### TASK INSTRUCTIONS
Transcribe all of the entries below exactly. Leave out the pictures.

# # # # #

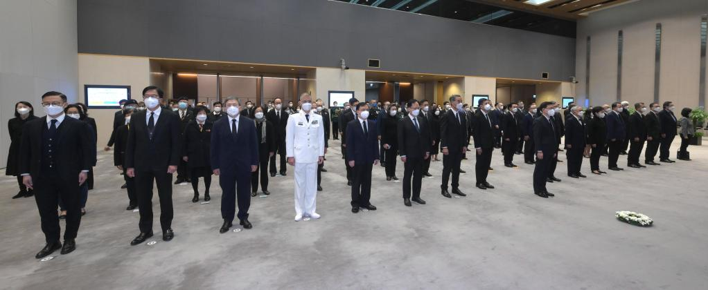 Vice Chairman of the National Committee of the Chinese People's Political Consultative Conference Leung Chun-ying, Chief Executive of the Hong Kong Special Administrative Region (HKSAR) John Lee, and principal officials of the HKSAR government attend a memorial ceremony to mourn the victims of the Nanjing Massacre in Hong Kong, south China, Dec. 13, 2022. (Information Services Department of the Government of the HKSAR/Handout via Xinhua)
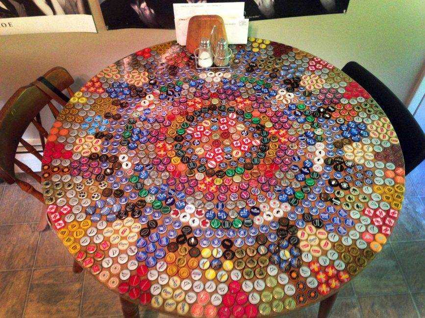Из пробок можно делать не только предметы интерьера, но и декорировать ими имеющиеся, как было, например, со столешницей.
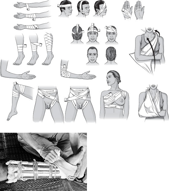 – можно использовать бинт или прочные широкие ленты, но не следует крепить шину веревками, так как узкая веревка может глубоко впиться в ткани и вызвать нарушение кровообращения.
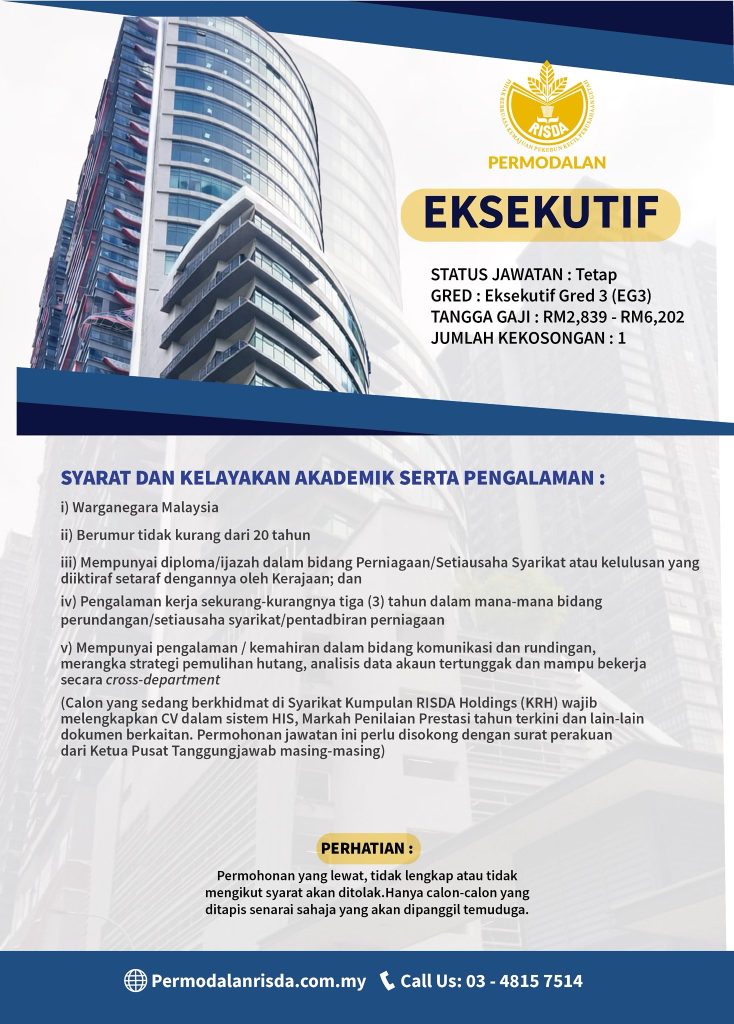 Jawatan Eksekutif di Permodalan RISDA Berhad merupakan peluang kerjaya stabil, berstatus tetap dan kompetitif, khusus untuk calon berpengalaman yang serius membina masa depan dalam organisasi berkaitan agensi kerajaan.
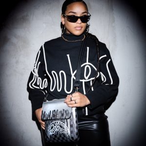 [split] Travel light & efficient with this durable yet stylish large sling.  PRODUCT DETAILS 1/2 Quilted  & 1/2 Printed PVC with Cut & Sewn shark mouth details and matte black hardware  100% FAUX LEATHER Exterior H 9” x W 8.5” x D 2” Adjustable Cross Body Strap Zipper closure Interior zipped pocket 100% PVC Fabric…
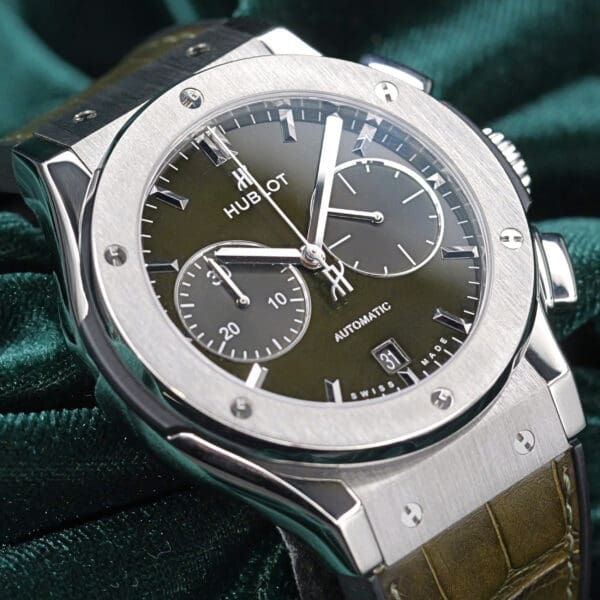 Combination of the green sunray dial, dual strap setup, and titanium case makes this watch visually striking and very light on the wrist, giving a comfortable fit for daily wear. Whether you’re tracking events or simply enjoying the chronograph feature, this piece caters to those who lead an active lifestyle but still desire a watch that radiates luxury.
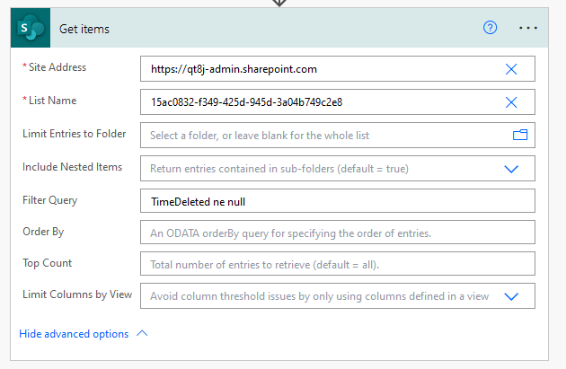 So there you go – easily access a list of deleted sites in SharePoint from Logic Apps and Power Automate. If you need to do this via the REST API, either v1 or Graph, just treat it as a normal list, but if using Graph, add $expand=fields to the URL as a query parameter and filter for deleted with fields/TimeDeleted ne null
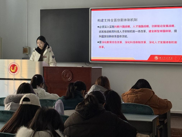 宣讲中,孙凌轩围绕新时代科技创新发展趋势,结合AIGC赋能设计产业、科技与艺术融合案例,生动阐释了视觉设计在科技成果转化、文化传播、产业升级中的重要作用。她鼓励同学们主动拥抱数字技术,将创新思维融入设计实践,以专业能力回应科技强国建设需求,让设计成为连接科技与生活的桥梁。
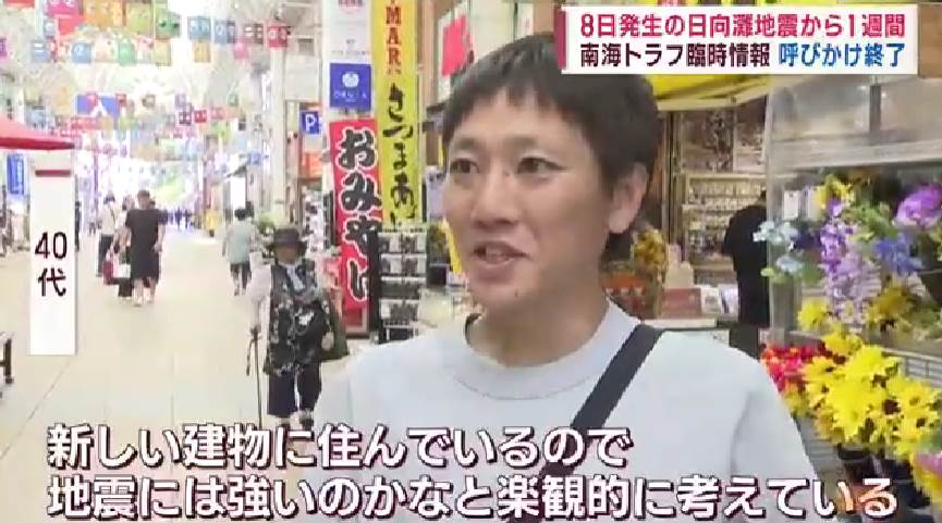 一名男士表示:「雖然解除了警報,但也沒有放松下來,發生大地震的可能性并不是完全沒有。什麼時候發生都不奇怪。」
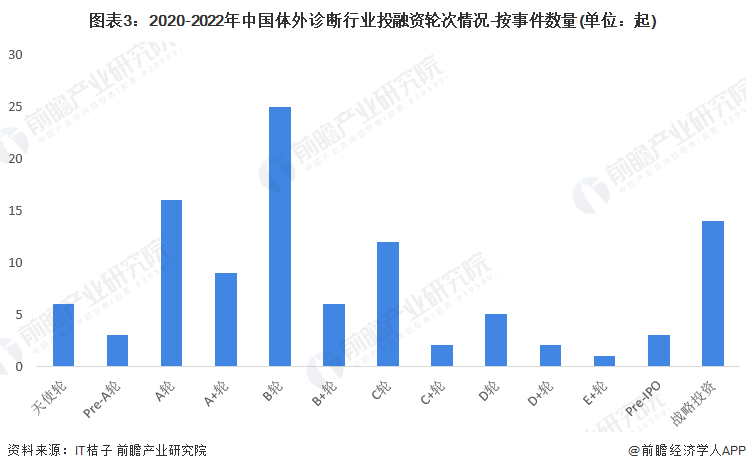 从体外诊断行业的投资轮次分析,2020-2022年,体外诊断行业投资以早期投资和战略投资为主,B轮投资事件共发生25起,A轮投资事件共发生16起,战略投资共发生14,三者合计占总投融资事件的比重为52.88%。

# # # # #

### SOLUTION
 Vice Chairman of the National Committee of the Chinese People's Political Consultative Conference Leung Chun-ying, Chief Executive of the Hong Kong Special Administrative Region (HKSAR) John Lee, and principal officials of the HKSAR government attend a memorial ceremony to mourn the victims of the Nanjing Massacre in Hong Kong, south China, Dec. 13, 2022. (Information Services Department of the Government of the HKSAR/Handout via Xinhua)
Из пробок можно делать не только предметы интерьера, но и декорировать ими имеющиеся, как было, например, со столешницей.
 – можно использовать бинт или прочные широкие ленты, но не следует крепить шину веревками, так как узкая веревка может глубоко впиться в ткани и вызвать нарушение кровообращения.
 Jawatan Eksekutif di Permodalan RISDA Berhad merupakan peluang kerjaya stabil, berstatus tetap dan kompetitif, khusus untuk calon berpengalaman yang serius membina masa depan dalam organisasi berkaitan agensi kerajaan.
 [split] Travel light & efficient with this durable yet stylish large sling.  PRODUCT DETAILS 1/2 Quilted  & 1/2 Printed PVC with Cut & Sewn shark mouth details and matte black hardware  100% FAUX LEATHER Exterior H 9” x W 8.5” x D 2” Adjustable Cross Body Strap Zipper closure Interior zipped pocket 100% PVC Fabric…
 Combination of the green sunray dial, dual strap setup, and titanium case makes this watch visually striking and very light on the wrist, giving a comfortable fit for daily wear. Whether you’re tracking events or simply enjoying the chronograph feature, this piece caters to those who lead an active lifestyle but still desire a watch that radiates luxury.
 So there you go – easily access a list of deleted sites in SharePoint from Logic Apps and Power Automate. If you need to do this via the REST API, either v1 or Graph, just treat it as a normal list, but if using Graph, add $expand=fields to the URL as a query parameter and filter for deleted with fields/TimeDeleted ne null
 宣讲中,孙凌轩围绕新时代科技创新发展趋势,结合AIGC赋能设计产业、科技与艺术融合案例,生动阐释了视觉设计在科技成果转化、文化传播、产业升级中的重要作用。她鼓励同学们主动拥抱数字技术,将创新思维融入设计实践,以专业能力回应科技强国建设需求,让设计成为连接科技与生活的桥梁。
 一名男士表示:「雖然解除了警報,但也沒有放松下來,發生大地震的可能性并不是完全沒有。什麼時候發生都不奇怪。」
 从体外诊断行业的投资轮次分析,2020-2022年,体外诊断行业投资以早期投资和战略投资为主,B轮投资事件共发生25起,A轮投资事件共发生16起,战略投资共发生14,三者合计占总投融资事件的比重为52.88%。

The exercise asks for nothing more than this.